I'm always looking for ways to make gardening easier.
Over the years, we've gone from spending countless hours in the hot sun weeding, digging and planting, to limiting our garden work to early morning or after dinner, and even then taking frequent breaks. We do less digging, find better ways to control weeds and add fewer new plants to the garden each season.
As we get older, what we want from our gardens has changed as well. The landscape is evolving from all those high-maintenance blooming plants we tended to all summer to lower maintenance trees and shrubs. The vegetable garden has gotten smaller and the amount we preserve for the winter grows less and less each year.
While we aren't yet ready to give up our garden completely, we make adjustments to the amount of work it takes to maintain the gardens that still make us happy to spend time in our backyards.
To make gardening easier, we find ourselves choosing different plants. Xeriscaping, a practice most often used in the southwest where water is scarce, is defined as growing plants that require the least amount of water for conservation. But I like to think of it as growing plants based on their needs. I've altered my own version of xeriscaping to our little area of the world because not counting this year, we aren't often concerned with the conservation of water.
Once during a particularly heavy storm, I mentioned to a friend in California that we had nearly three inches of rainfall in an hour.
''That is the amount we get in a year,'' she said.
While I don't want to be living in the middle of a desert, I have learned to appreciate the amount of precipitation we get in northeast Ohio.
So my own version of xeriscaping means that if I have a particularly wet area in the yard, which I do, then that is the place to put water loving plants, such as bald cypress and willow trees, fothergilla, inkberry (Ilex glabra), or sweetspire (Itea virginica).

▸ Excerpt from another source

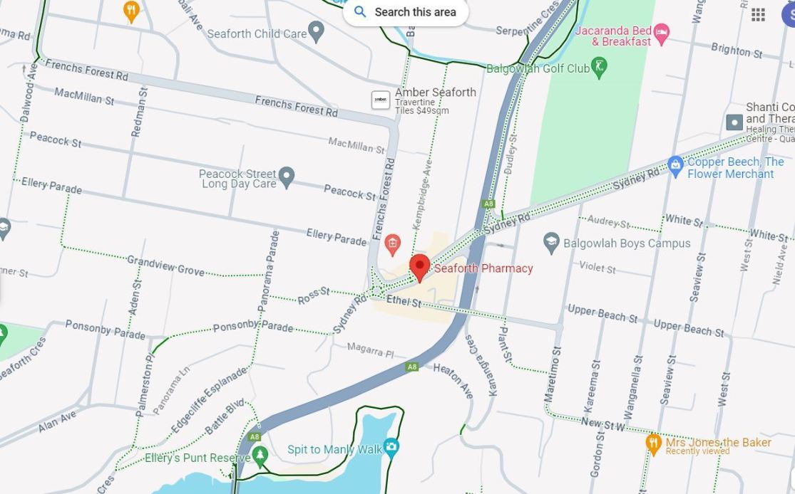 We are located in the Seaforth shopping strip on Sydney Road

I could put in some water loving perennials, and I already have wild Joe Pye Weed growing nearby, but I there are also perennials such as cardinal flower, astible and Ligularia stenocephala, ''The Rocket.'' Where the sun gives way to shade closer to the tree line are the ferns, many of which were there before I came here. Even in the driest of summers, this area at the back of the property has pockets of moisture due to low-lying areas near the river.
Our property slopes, from the high, drier sections of the yard to those lower lying wet patches. The dry areas are closer to the house, where the water runs downhill and are perfect for plants that don't need much moisture.
Since the drainage is good in these higher landscapes, my choices are greater, but as I mentioned earlier, we are looking to cut down on high maintenance plants, so many of the perennials requiring attention each season are being replaced by low maintenance, colorful conifers and shrubs.
The areas are still peppered with perennials that need attention, including autumn sedum that needs cut back each month until mid-July when it is left to set flowers for September, or the creeping phlox (moss rose) that grows over the stones lining the fish pond. There is Lady's Mantle and daylilies of several shades of orange and yellow and a lovely goatsbeard with high white plumes in spring.
Those areas over the years have been home to tall stands of hollyhocks, beebalm, and the shortlived but just as lovely, butterfly bush (Buddleia), as well as Shasta daisies, coneflower, colorful yarrows and fragrant lavender.
I often miss those plants and think of bringing them back to the garden, but then I remember the thinning, weeding, mulching, dividing, insect invasions and powdery mildew.
I haven't stopped gardening, in fact, each year we still spend quite a bit of time in the yard, although not as much as 20 or even 30 years ago. Even as our garden habits have changed, gardens themselves are ever-changing.